Recorded data:
====

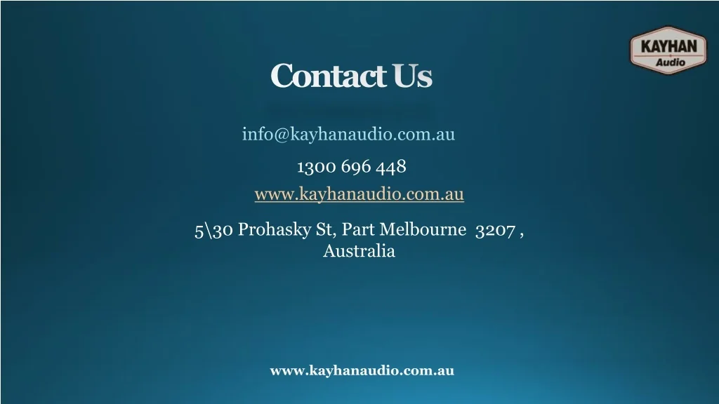 1300 696 448 www.kayhanaudio.com.au 5\30 Prohasky St, Part Melbourne 3207 , Australia info@kayhanaudio.com.au Contact Us www.kayhanaudio.com.au
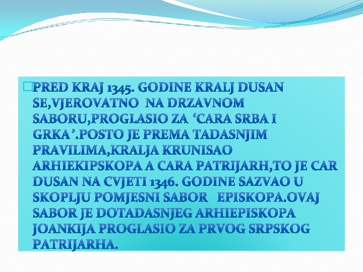 Dusanov Zakonik �Na Spasovdan 21. maja 1349. godine car Dusan je na drzavnom saboru u Skoplju donio svoj Zakonik u prisustvu patrijarha, svestenstva, knezeva i vlastele srpske i grcke. Sa dopunama, donesenim u Serezu 1354. godine, Zakonik se sastojao od 201 clana. Ovim zakonom car Dusan je srpskom carstvu udario cvrstu pravnu osnovu, sto je doprinjelo da odnosi u drzavi i u crkvi budu tako regulisani da pomazu daljem jacanju i crkve i drzave.
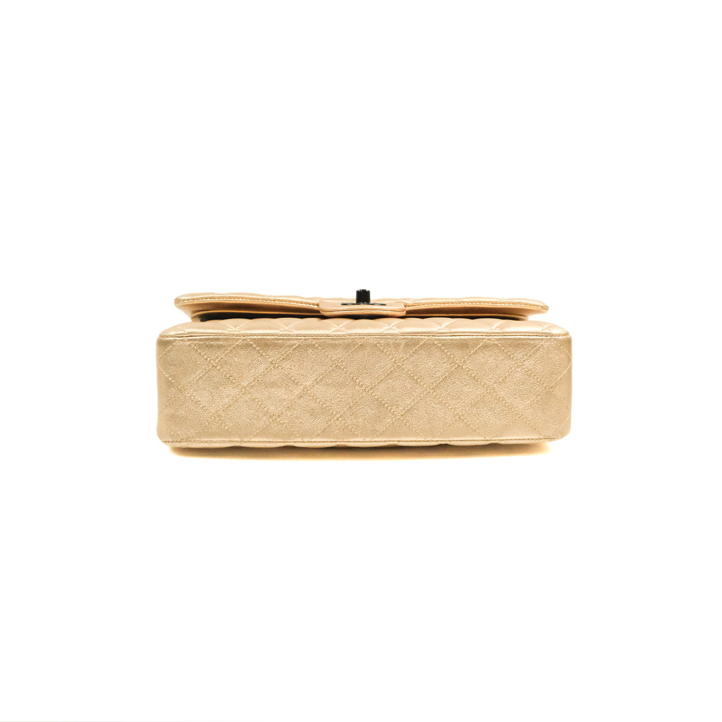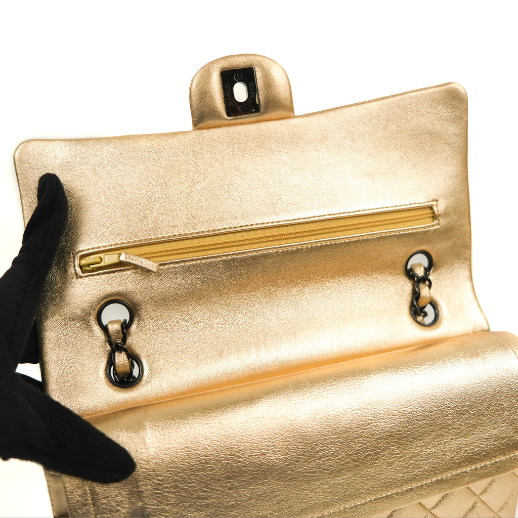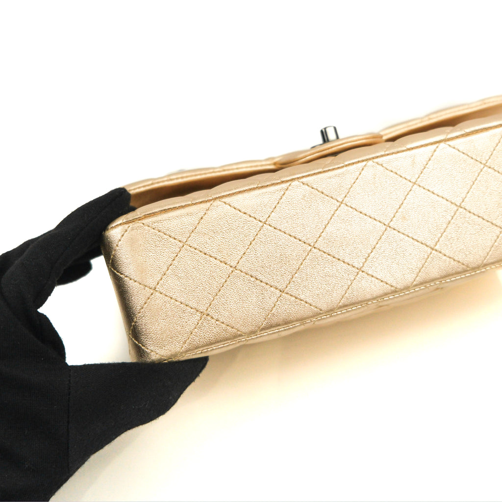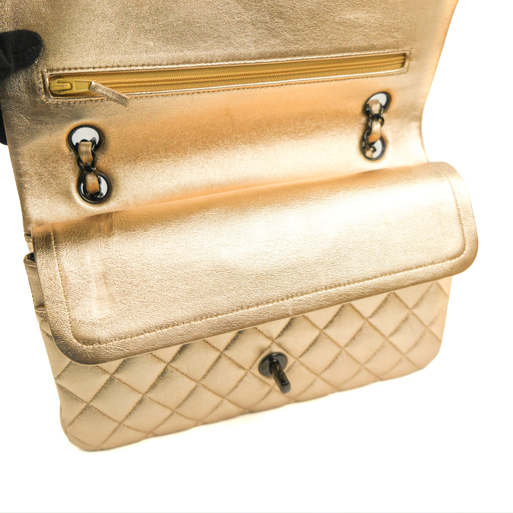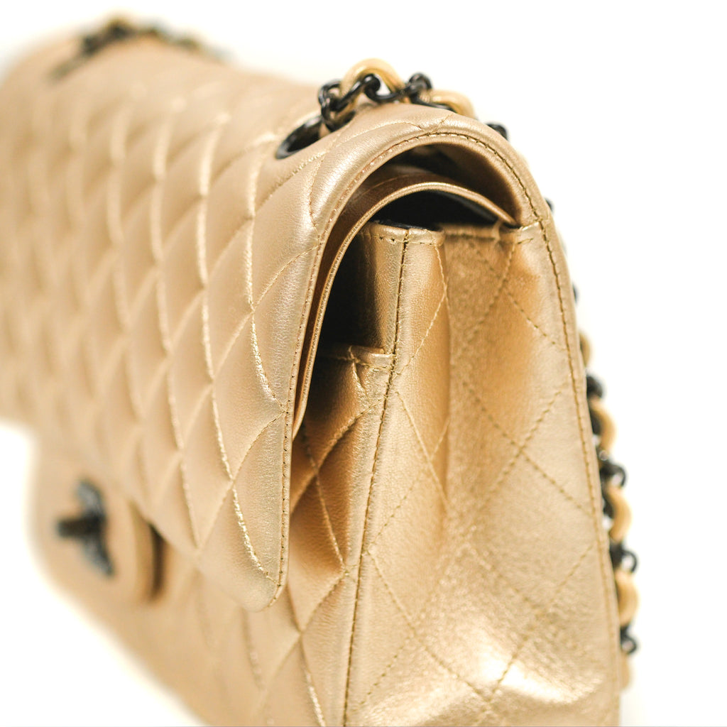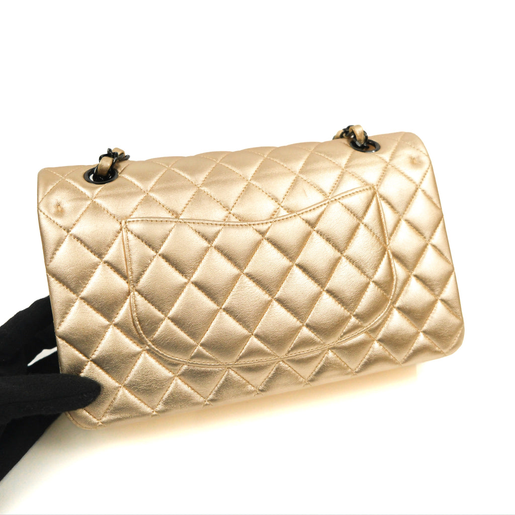 Chanel Classic M/L Medium Flap Quilted Metallic Gold Lambskin Gun Metal
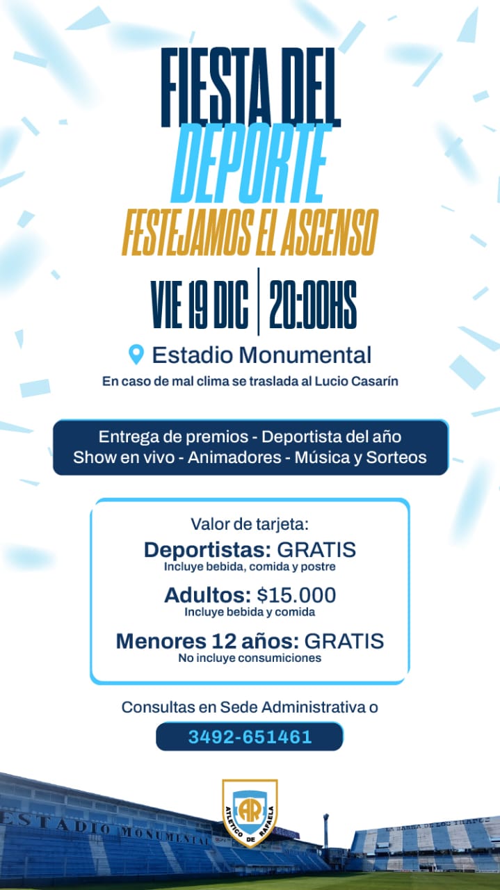 Atlético Rafaela celebra el regreso a la Primera Nacional junto a sus socios e hinchas este viernes. La Crema festeja el ascenso del Federal A con la «Fiesta del Deporte» este viernes 19 de diciembre a las 20 en el Estadio Monumental.

====

What needs to be done: Drop the pictures and reproduce the rest of the data exactly.

Reply:
 1300 696 448 www.kayhanaudio.com.au 5\30 Prohasky St, Part Melbourne 3207 , Australia info@kayhanaudio.com.au Contact Us www.kayhanaudio.com.au
 Dusanov Zakonik �Na Spasovdan 21. maja 1349. godine car Dusan je na drzavnom saboru u Skoplju donio svoj Zakonik u prisustvu patrijarha, svestenstva, knezeva i vlastele srpske i grcke. Sa dopunama, donesenim u Serezu 1354. godine, Zakonik se sastojao od 201 clana. Ovim zakonom car Dusan je srpskom carstvu udario cvrstu pravnu osnovu, sto je doprinjelo da odnosi u drzavi i u crkvi budu tako regulisani da pomazu daljem jacanju i crkve i drzave.
 Chanel Classic M/L Medium Flap Quilted Metallic Gold Lambskin Gun Metal
 Atlético Rafaela celebra el regreso a la Primera Nacional junto a sus socios e hinchas este viernes. La Crema festeja el ascenso del Federal A con la «Fiesta del Deporte» este viernes 19 de diciembre a las 20 en el Estadio Monumental.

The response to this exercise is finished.